Not only that, but they also learned that the absence of bike lanes has something to do with Lego’s supply chain. Thalia Verkade, a journalist who collaborated on a book on mobility with Brommelstroet, discovered that Lego was using a subcontractor for the road plates, which was one of the last pieces made by a company other than Lego itself. According to Verkade, Lego tried to buy out the contract to bring the street plates back to their own facilities, Steeman said.

Around the same time, Matthew Ashton, an official Lego master, in a tweet family play that there will be a new form of roads to Lego’s city sets ‘in the not too distant future’. “A stone hanger,” Steeman said.

Steeman has been busy all his time as a regional councilor for the province of North Holland, where he regularly deals with mobility issues. When the pandemic hits, Steeman moves to work from home, sharing his home’s third floor with his 9-year-old son and all of his Legos. “There’s Lego everywhere,” he said, “and I have to tilt my camera up to save my face in the many digital meetings I have for my work.”

Just before the pandemic, Steeman got the rumor that Lego would revolutionize its road system by using adjustable sets and real bricks, not just the big flat plates, as a way to play with road designs. This could include pedestrian crossings and speed bumps – and maybe bike lanes?

Those redesigned street sets (# 60304) were finally released last year, along with a small shopping area (# 60306) that includes a crackle shop, a sports shop, a crossroads, some street lights and finally a thin blue bike lane.

The new official Lego set Shopping Street has a small blue bike lane along a major road and small shops.
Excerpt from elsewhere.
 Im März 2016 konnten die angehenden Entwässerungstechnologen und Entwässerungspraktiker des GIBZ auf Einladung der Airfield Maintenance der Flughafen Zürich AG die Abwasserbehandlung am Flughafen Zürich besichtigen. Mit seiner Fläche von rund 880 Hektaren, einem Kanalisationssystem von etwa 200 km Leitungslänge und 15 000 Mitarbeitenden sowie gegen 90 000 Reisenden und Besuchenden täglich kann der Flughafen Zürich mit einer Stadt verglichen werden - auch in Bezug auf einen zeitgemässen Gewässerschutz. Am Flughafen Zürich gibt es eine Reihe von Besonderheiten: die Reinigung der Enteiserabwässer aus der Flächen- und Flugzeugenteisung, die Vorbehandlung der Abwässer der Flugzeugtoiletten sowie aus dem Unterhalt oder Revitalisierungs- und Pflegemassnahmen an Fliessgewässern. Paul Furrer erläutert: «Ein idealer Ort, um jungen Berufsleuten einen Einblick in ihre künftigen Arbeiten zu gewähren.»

Lego’s official shopping street (# 60306), released in late 2020.
Screenshot: Lego

Steeman was shocked, but rather than resting on his laurels, he immediately took stock of all the ways this updated street scene still lacks what he really wanted. The bike path was small, like very small, only two-studs wide, barely enough space for a truck. The subject also depicted a pickup truck parked in the middle of the bike lane. Nevertheless, he downplayed it as a ‘small victory’ and jumped back to work to advance his idea for a broader, more enjoyable bike path.
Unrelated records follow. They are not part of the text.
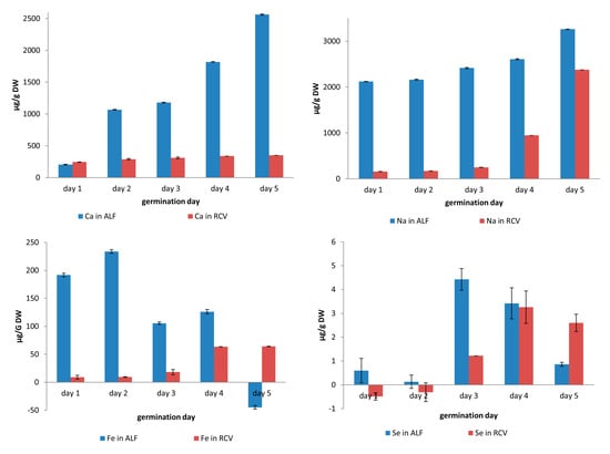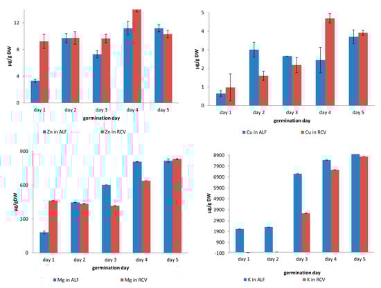 | µg/g DW | ALF Seeds | ALF Day 1 | ALF Day 2 | ALF Day 3 | ALF Day 4 | ALF Day 5 |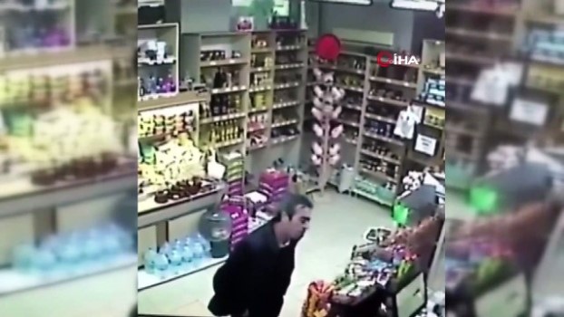 Markette kadını taciz ettiği iddia edilen adama kick bokscudan yumruk kamerada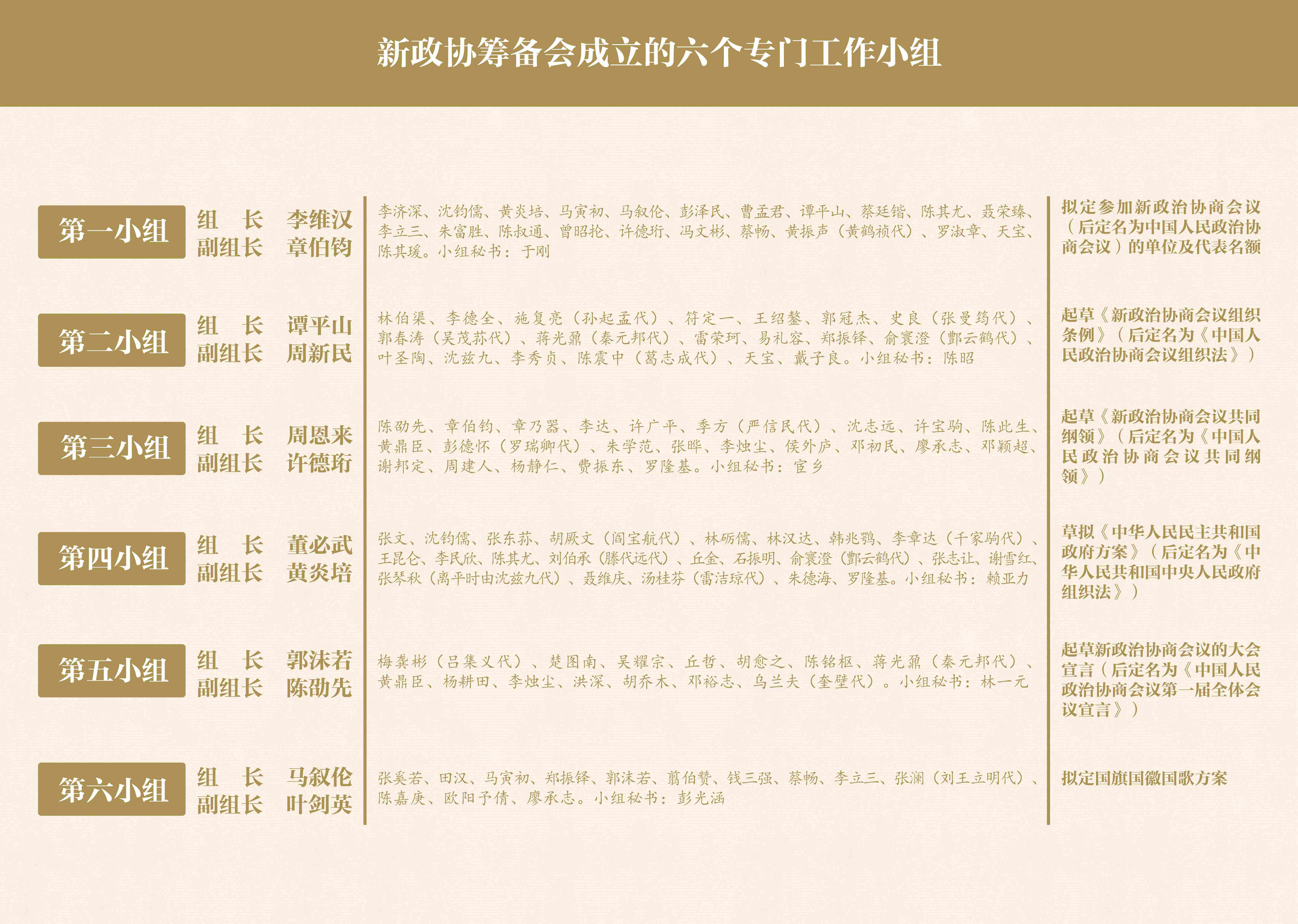 新政協(xié)籌備會下設(shè)六個專門工作小組,在常務(wù)委員會的領(lǐng)導下,分別開展工作。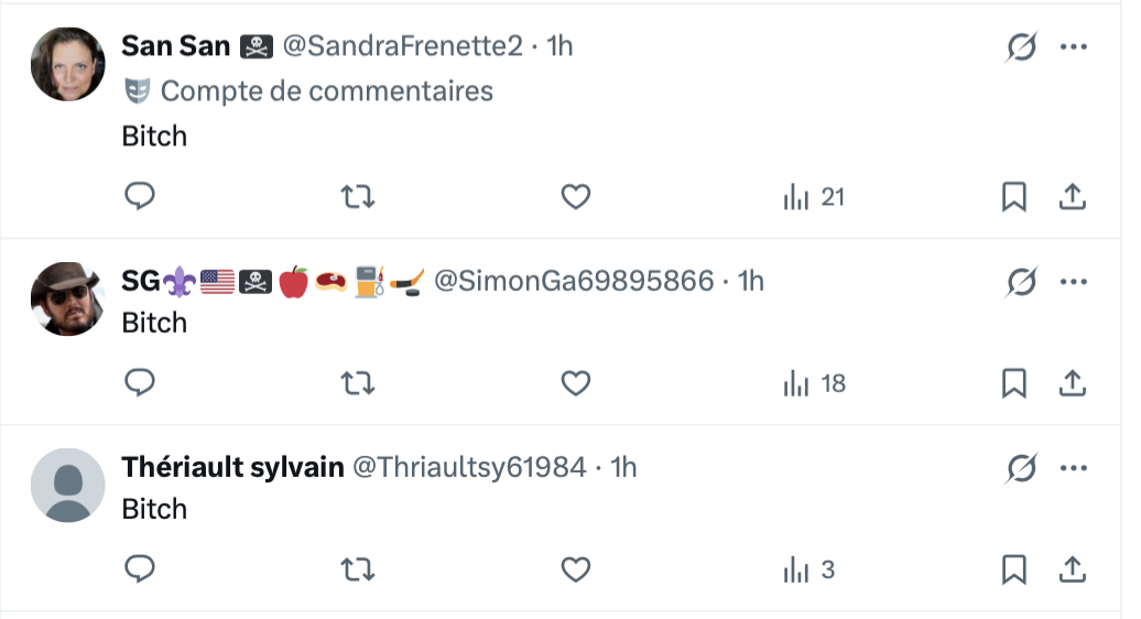 Beaucoup d’hommes blancs fâchés fâchés… un peu comme ici. Pas beaucoup d’immigrés par exemple, dans les celleux qui insultent.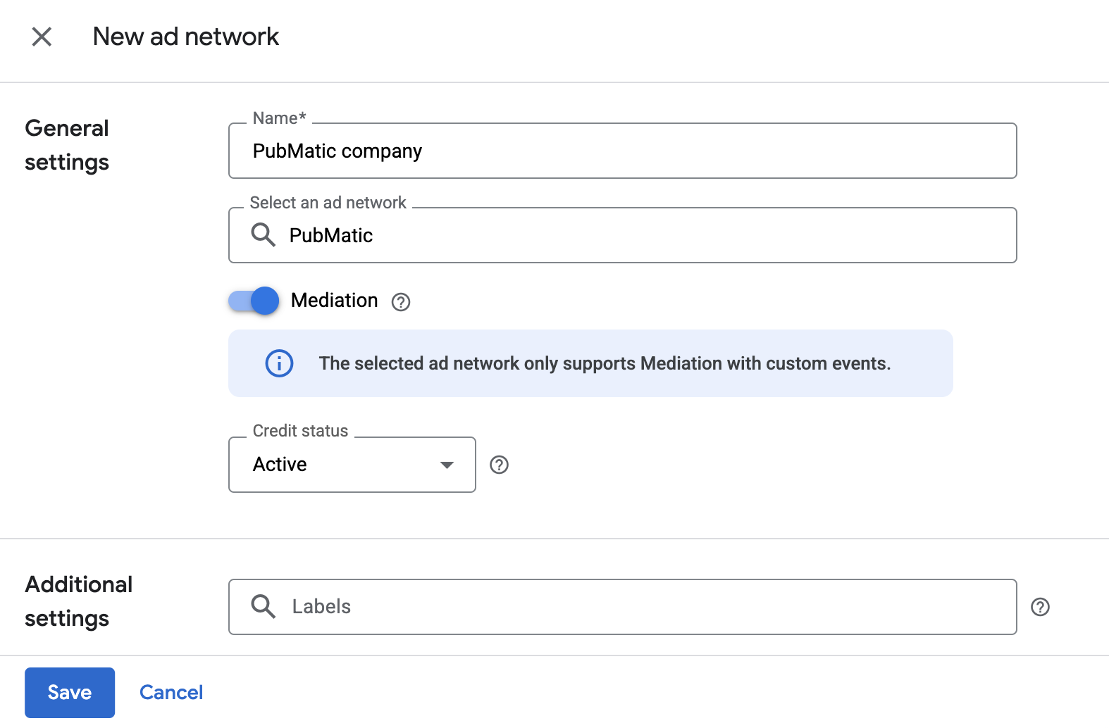 Wählen Sie PubMatic OpenWrap SDK als Werbenetzwerk aus, geben Sie einen eindeutigen Namen ein und aktivieren Sie Vermittlung.

He generated a new version of his idea using the new road plates as a base. He also added some bike racks, a bike with a child seat, and the main, large, wide, blue bike lanes. He chooses blue as the color, knowing that it is the color used in Billund and in Denmark, where Lego is based. In his native Holland, bike lanes are painted red to prevent people from mistaking the water in the canals.

Reluctantly, Steeman uploaded his new version to Lego’s Ideas website in anticipation of another rejection. But instead he got another big shock. “To my surprise, the idea was accepted within a day,” he said. It was published on the Lego website and now Steeman can try to recruit enough support to make it a real set.

Lego gave him 60 days to get 100 fans; he did it within 4 hours. Now he has a little over a year to get 10,000 fans. The odds are against him – remember, only 33 ideas were ever accepted – but he is confident it can be done. And if he does not, he knows that the seeds have already been planted by Lego designers. A thin blue bike lane could eventually grow into something much bigger and safer from the smiling residents of Legoland. Anything is possible.

“Ultimately, I just want a global generation to grow up with a sustainable, healthy and above all safe alternative to the car – centered world we live in,” Steeman said. “And there’s really no bigger city on earth to start that revolution with than Lego City.”

He added: “So Lego was probably a little bit right when they said it was a political statement.”